= Records =
>>>>>

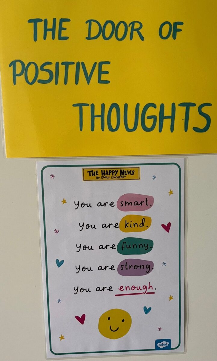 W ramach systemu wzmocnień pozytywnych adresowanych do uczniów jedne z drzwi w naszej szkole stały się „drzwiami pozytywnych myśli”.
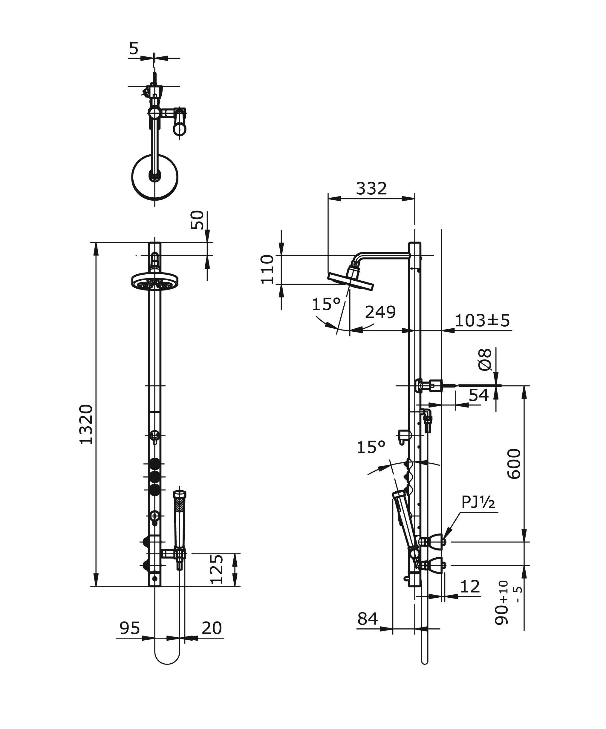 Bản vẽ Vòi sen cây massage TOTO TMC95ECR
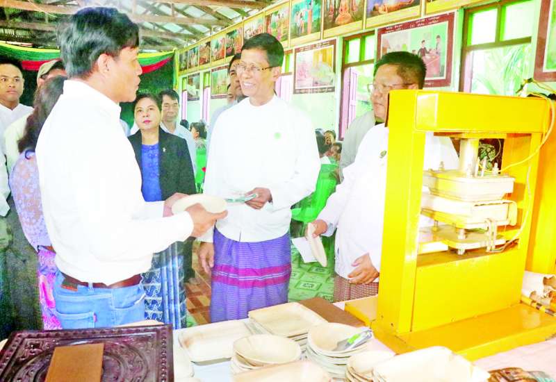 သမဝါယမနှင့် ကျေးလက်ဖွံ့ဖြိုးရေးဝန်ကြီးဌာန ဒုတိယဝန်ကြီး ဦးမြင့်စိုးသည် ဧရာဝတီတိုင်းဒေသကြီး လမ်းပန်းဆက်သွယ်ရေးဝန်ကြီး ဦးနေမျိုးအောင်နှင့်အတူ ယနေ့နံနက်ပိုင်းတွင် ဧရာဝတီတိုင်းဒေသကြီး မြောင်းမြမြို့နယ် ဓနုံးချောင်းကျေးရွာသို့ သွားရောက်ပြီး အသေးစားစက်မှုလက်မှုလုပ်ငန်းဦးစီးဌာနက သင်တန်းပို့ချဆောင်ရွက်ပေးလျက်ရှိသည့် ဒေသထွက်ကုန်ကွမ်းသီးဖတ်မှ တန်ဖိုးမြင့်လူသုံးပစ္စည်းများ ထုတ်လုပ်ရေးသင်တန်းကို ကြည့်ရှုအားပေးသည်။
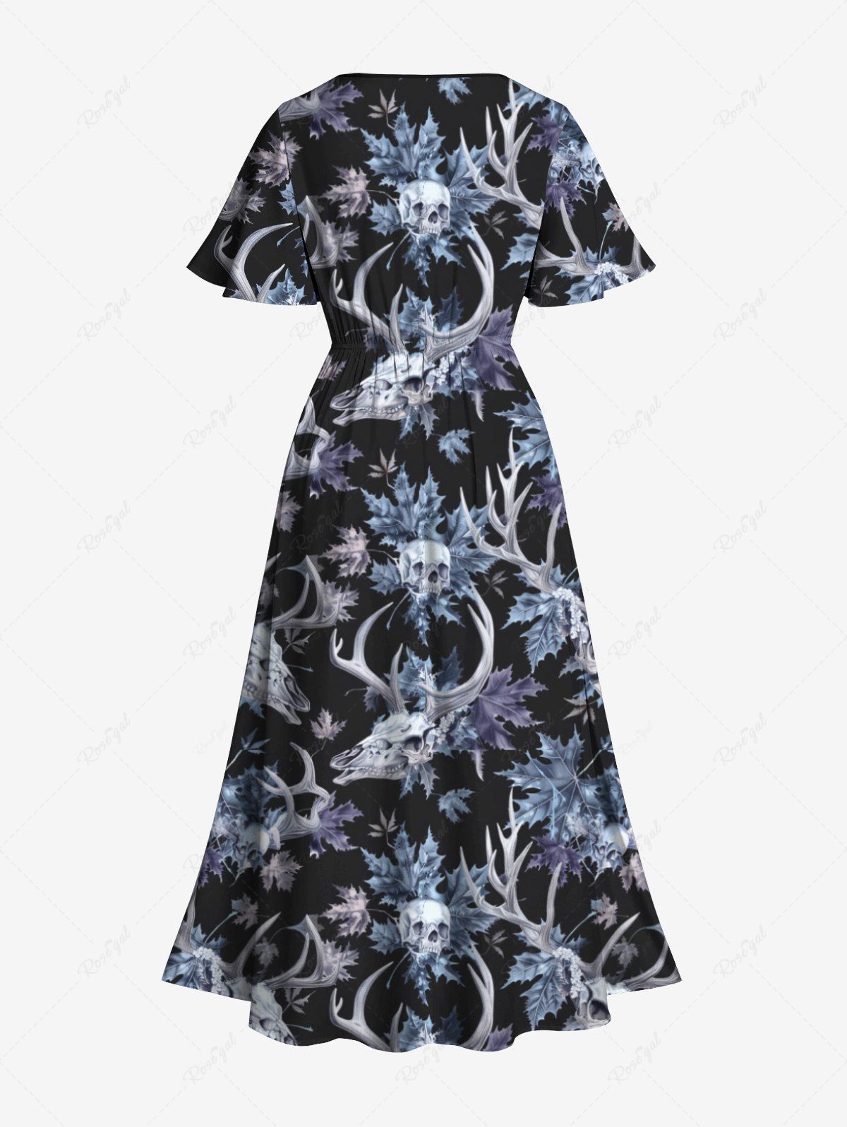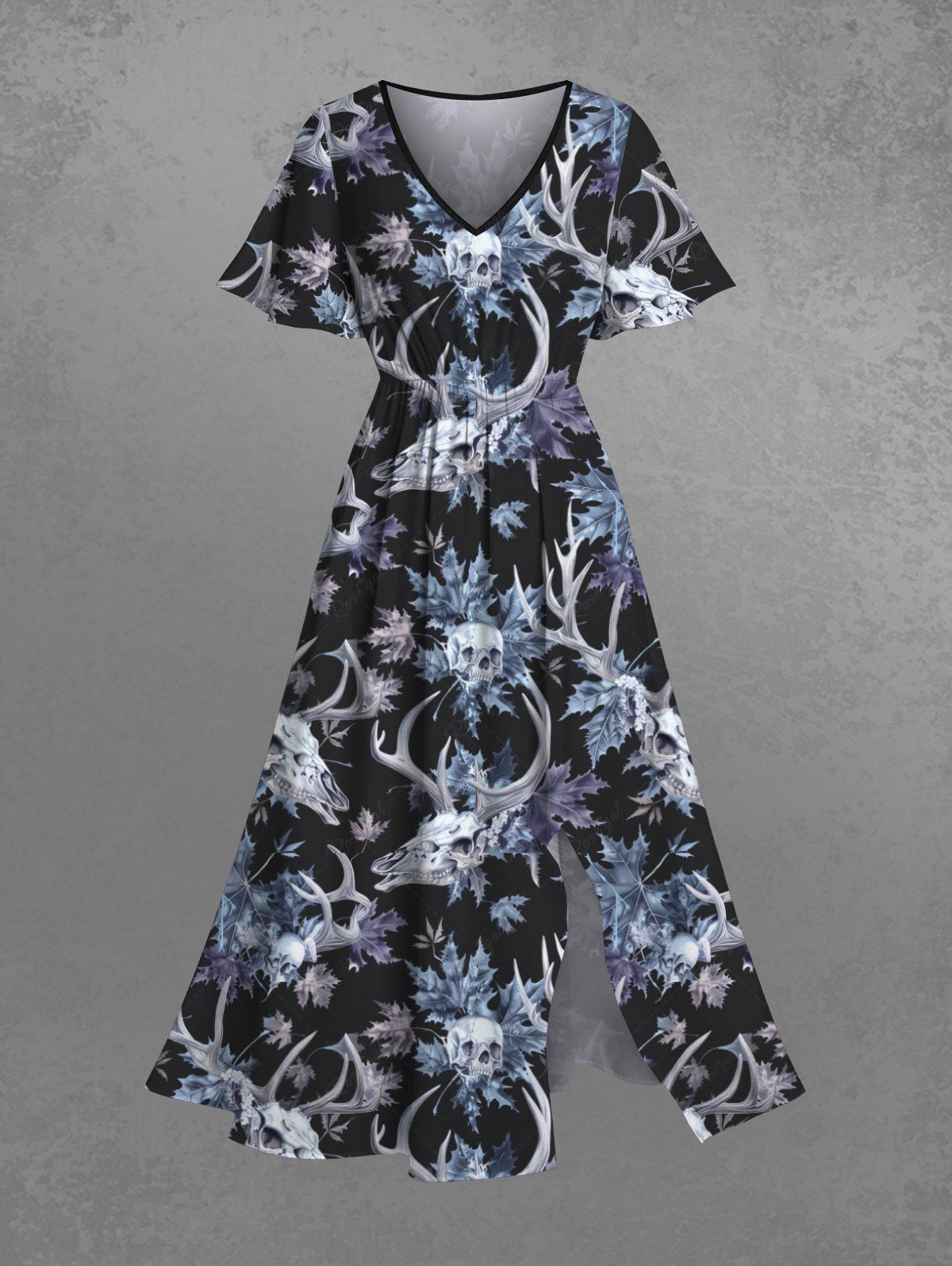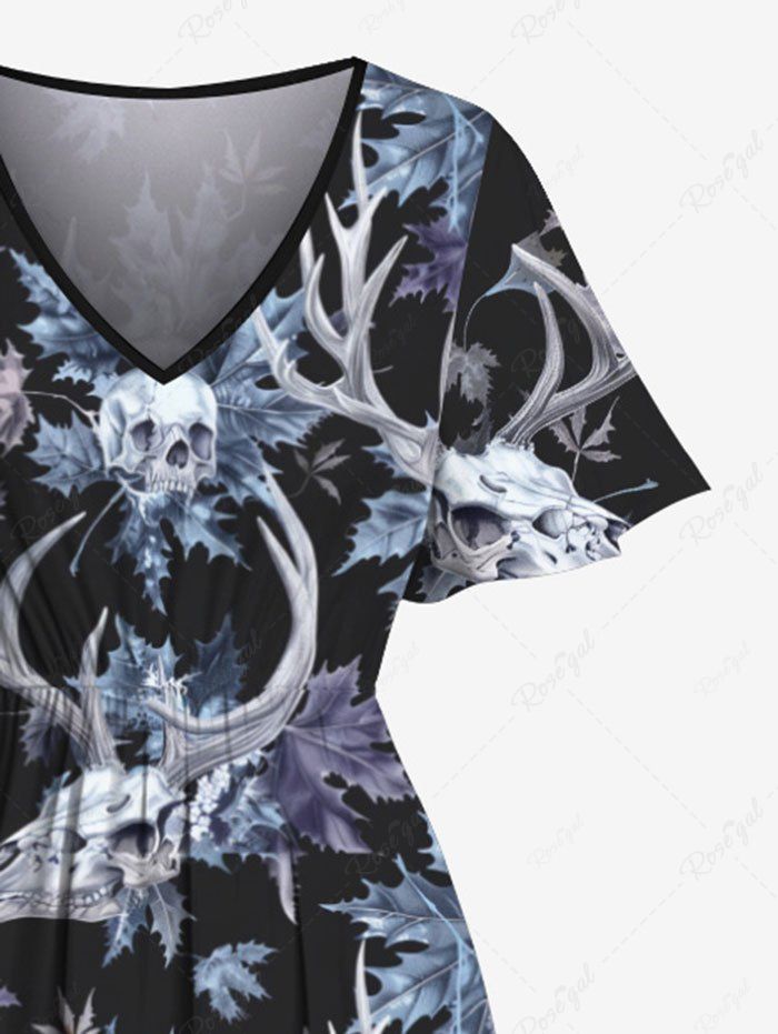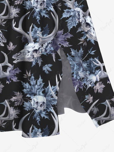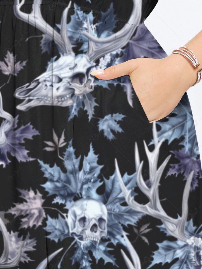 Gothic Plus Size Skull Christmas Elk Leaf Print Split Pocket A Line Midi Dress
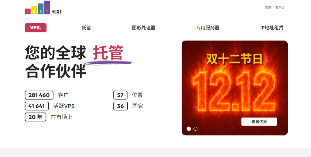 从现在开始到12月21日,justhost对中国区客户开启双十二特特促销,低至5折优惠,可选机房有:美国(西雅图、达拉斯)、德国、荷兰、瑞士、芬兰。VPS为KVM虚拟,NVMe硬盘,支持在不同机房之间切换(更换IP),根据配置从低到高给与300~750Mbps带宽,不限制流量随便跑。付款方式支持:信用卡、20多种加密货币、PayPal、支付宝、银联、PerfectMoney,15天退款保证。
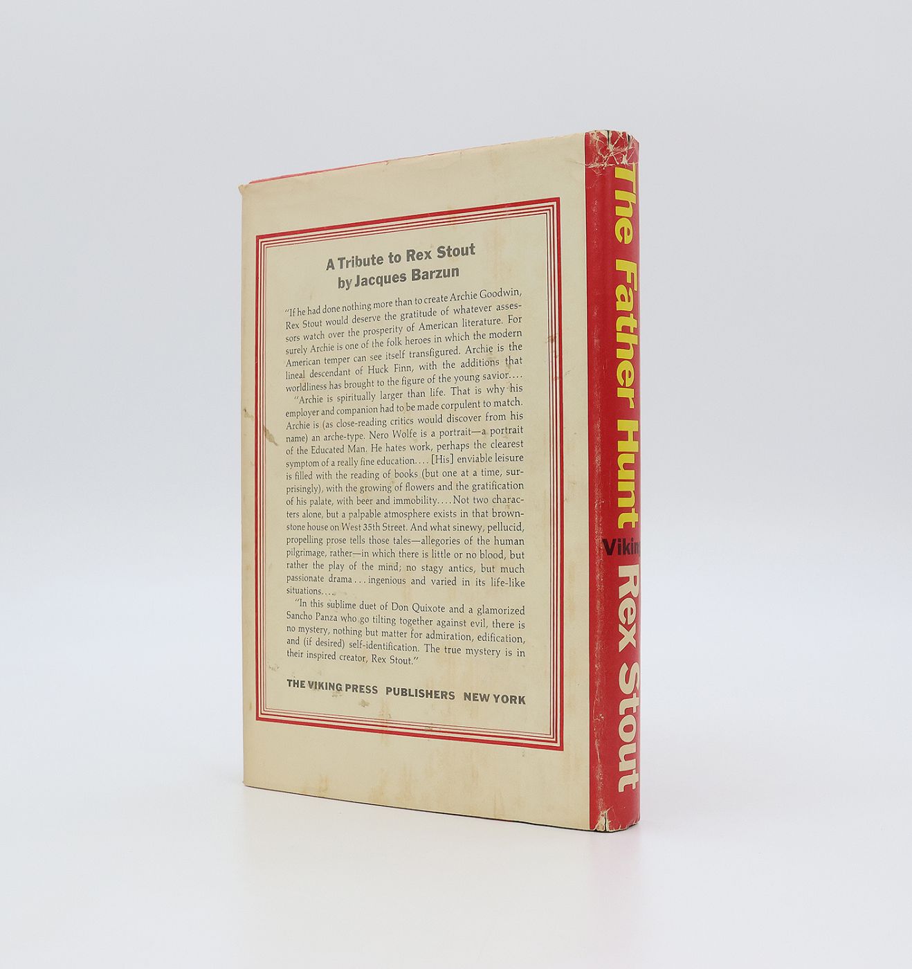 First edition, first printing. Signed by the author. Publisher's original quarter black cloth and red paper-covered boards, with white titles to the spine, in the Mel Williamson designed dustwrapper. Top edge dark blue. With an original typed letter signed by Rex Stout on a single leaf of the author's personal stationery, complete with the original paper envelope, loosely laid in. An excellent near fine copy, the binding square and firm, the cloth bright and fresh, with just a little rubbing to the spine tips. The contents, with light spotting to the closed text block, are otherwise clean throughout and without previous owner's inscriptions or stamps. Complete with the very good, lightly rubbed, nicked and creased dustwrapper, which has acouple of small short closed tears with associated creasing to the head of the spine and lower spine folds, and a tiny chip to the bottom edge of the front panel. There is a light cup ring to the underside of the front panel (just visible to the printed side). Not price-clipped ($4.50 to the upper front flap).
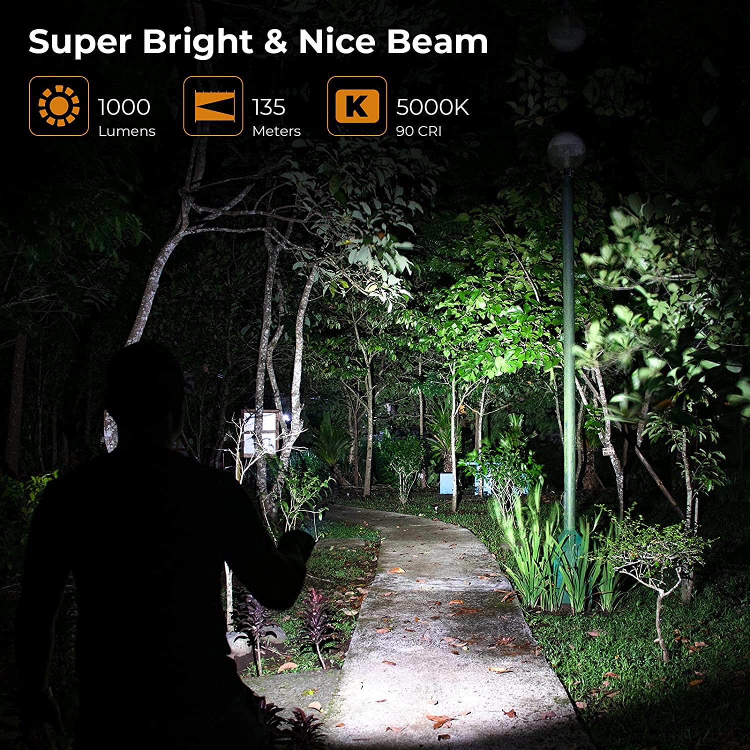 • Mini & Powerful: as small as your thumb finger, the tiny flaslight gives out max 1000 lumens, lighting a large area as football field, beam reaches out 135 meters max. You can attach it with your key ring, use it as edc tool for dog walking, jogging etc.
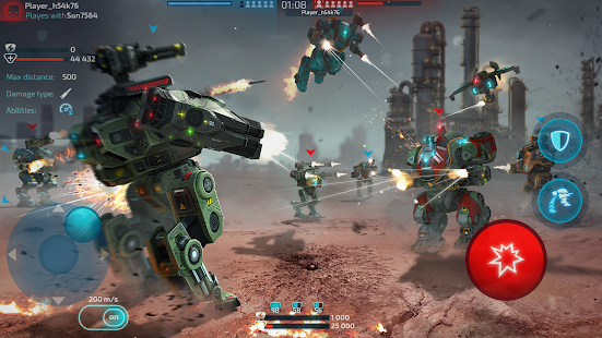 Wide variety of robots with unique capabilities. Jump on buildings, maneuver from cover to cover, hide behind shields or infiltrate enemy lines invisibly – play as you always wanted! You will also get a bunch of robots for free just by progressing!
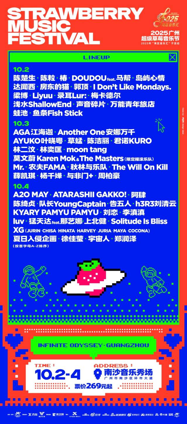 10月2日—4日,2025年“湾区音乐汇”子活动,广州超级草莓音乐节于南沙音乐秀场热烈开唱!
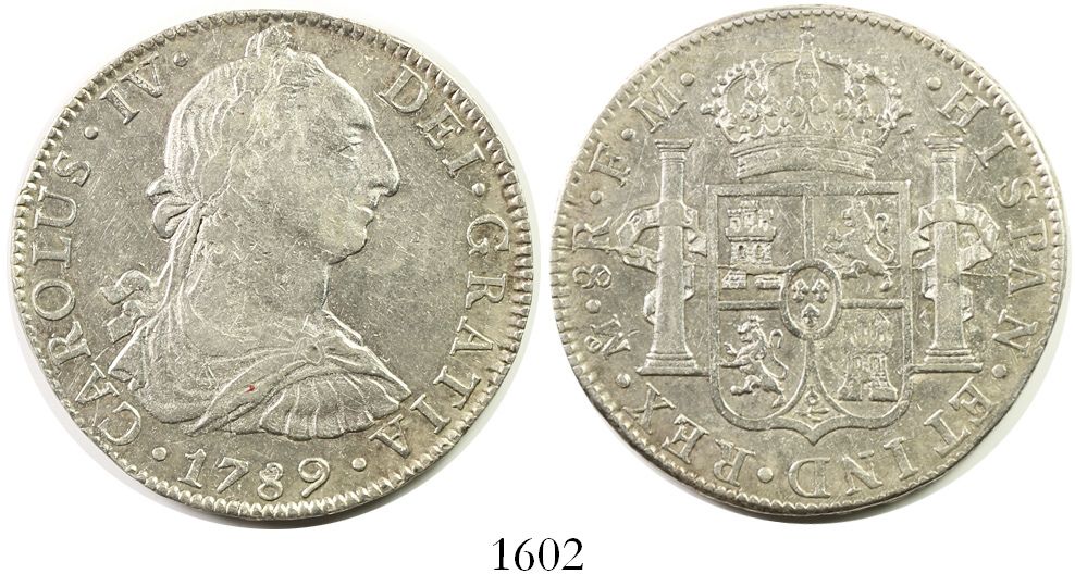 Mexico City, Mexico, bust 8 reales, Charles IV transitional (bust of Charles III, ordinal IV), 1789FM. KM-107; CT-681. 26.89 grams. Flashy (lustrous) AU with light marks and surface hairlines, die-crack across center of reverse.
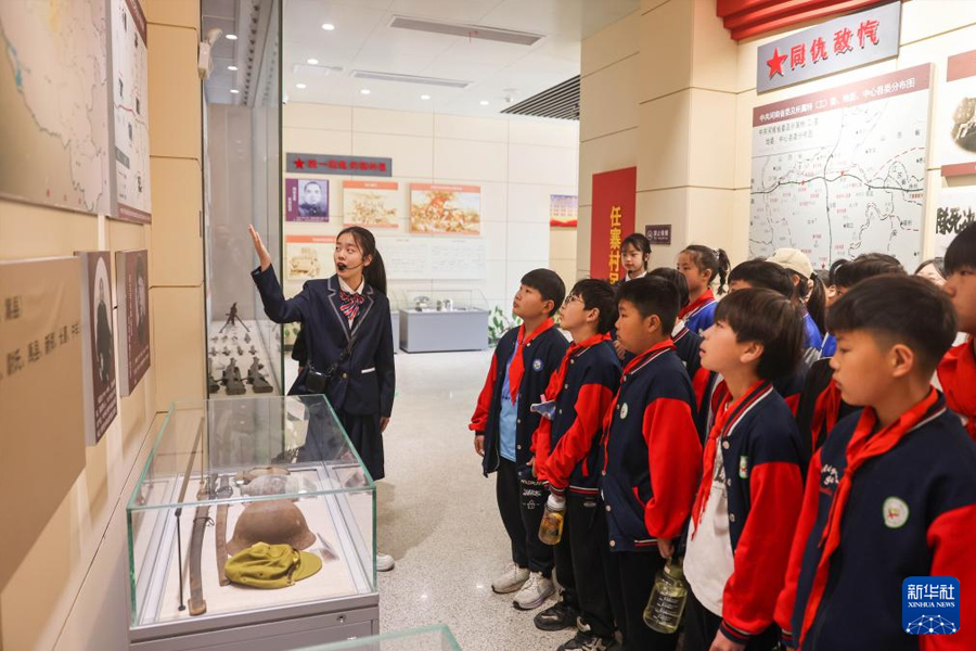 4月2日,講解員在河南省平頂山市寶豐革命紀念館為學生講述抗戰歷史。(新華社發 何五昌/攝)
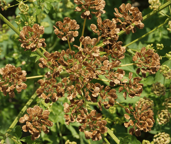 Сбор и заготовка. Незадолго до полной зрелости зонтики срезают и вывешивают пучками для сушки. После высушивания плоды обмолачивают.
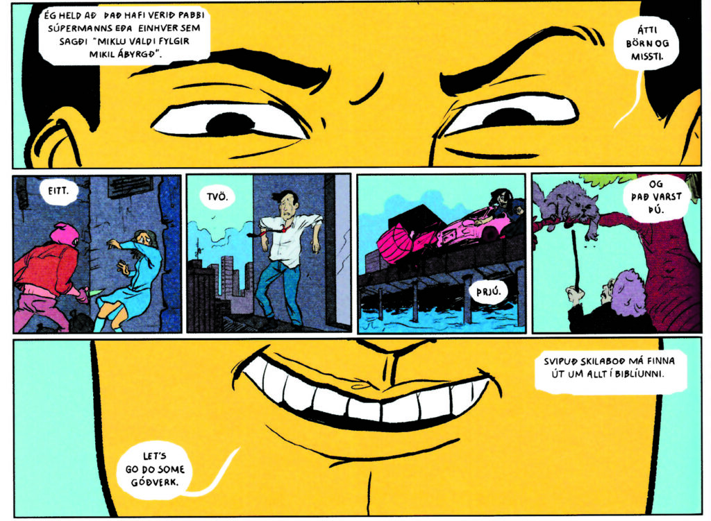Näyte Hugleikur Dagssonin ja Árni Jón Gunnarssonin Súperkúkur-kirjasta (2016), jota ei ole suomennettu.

<<<<<

= Exercise brief =
For the material above, give every line again exactly and leave out the pictures.

= Answer section =
 W ramach systemu wzmocnień pozytywnych adresowanych do uczniów jedne z drzwi w naszej szkole stały się „drzwiami pozytywnych myśli”.
 Bản vẽ Vòi sen cây massage TOTO TMC95ECR
 သမဝါယမနှင့် ကျေးလက်ဖွံ့ဖြိုးရေးဝန်ကြီးဌာန ဒုတိယဝန်ကြီး ဦးမြင့်စိုးသည် ဧရာဝတီတိုင်းဒေသကြီး လမ်းပန်းဆက်သွယ်ရေးဝန်ကြီး ဦးနေမျိုးအောင်နှင့်အတူ ယနေ့နံနက်ပိုင်းတွင် ဧရာဝတီတိုင်းဒေသကြီး မြောင်းမြမြို့နယ် ဓနုံးချောင်းကျေးရွာသို့ သွားရောက်ပြီး အသေးစားစက်မှုလက်မှုလုပ်ငန်းဦးစီးဌာနက သင်တန်းပို့ချဆောင်ရွက်ပေးလျက်ရှိသည့် ဒေသထွက်ကုန်ကွမ်းသီးဖတ်မှ တန်ဖိုးမြင့်လူသုံးပစ္စည်းများ ထုတ်လုပ်ရေးသင်တန်းကို ကြည့်ရှုအားပေးသည်။
 Gothic Plus Size Skull Christmas Elk Leaf Print Split Pocket A Line Midi Dress
 从现在开始到12月21日,justhost对中国区客户开启双十二特特促销,低至5折优惠,可选机房有:美国(西雅图、达拉斯)、德国、荷兰、瑞士、芬兰。VPS为KVM虚拟,NVMe硬盘,支持在不同机房之间切换(更换IP),根据配置从低到高给与300~750Mbps带宽,不限制流量随便跑。付款方式支持:信用卡、20多种加密货币、PayPal、支付宝、银联、PerfectMoney,15天退款保证。
 First edition, first printing. Signed by the author. Publisher's original quarter black cloth and red paper-covered boards, with white titles to the spine, in the Mel Williamson designed dustwrapper. Top edge dark blue. With an original typed letter signed by Rex Stout on a single leaf of the author's personal stationery, complete with the original paper envelope, loosely laid in. An excellent near fine copy, the binding square and firm, the cloth bright and fresh, with just a little rubbing to the spine tips. The contents, with light spotting to the closed text block, are otherwise clean throughout and without previous owner's inscriptions or stamps. Complete with the very good, lightly rubbed, nicked and creased dustwrapper, which has acouple of small short closed tears with associated creasing to the head of the spine and lower spine folds, and a tiny chip to the bottom edge of the front panel. There is a light cup ring to the underside of the front panel (just visible to the printed side). Not price-clipped ($4.50 to the upper front flap).
 • Mini & Powerful: as small as your thumb finger, the tiny flaslight gives out max 1000 lumens, lighting a large area as football field, beam reaches out 135 meters max. You can attach it with your key ring, use it as edc tool for dog walking, jogging etc.
 Wide variety of robots with unique capabilities. Jump on buildings, maneuver from cover to cover, hide behind shields or infiltrate enemy lines invisibly – play as you always wanted! You will also get a bunch of robots for free just by progressing!
 10月2日—4日,2025年“湾区音乐汇”子活动,广州超级草莓音乐节于南沙音乐秀场热烈开唱!
 Mexico City, Mexico, bust 8 reales, Charles IV transitional (bust of Charles III, ordinal IV), 1789FM. KM-107; CT-681. 26.89 grams. Flashy (lustrous) AU with light marks and surface hairlines, die-crack across center of reverse.
 4月2日,講解員在河南省平頂山市寶豐革命紀念館為學生講述抗戰歷史。(新華社發 何五昌/攝)
 Сбор и заготовка. Незадолго до полной зрелости зонтики срезают и вывешивают пучками для сушки. После высушивания плоды обмолачивают.
Näyte Hugleikur Dagssonin ja Árni Jón Gunnarssonin Súperkúkur-kirjasta (2016), jota ei ole suomennettu.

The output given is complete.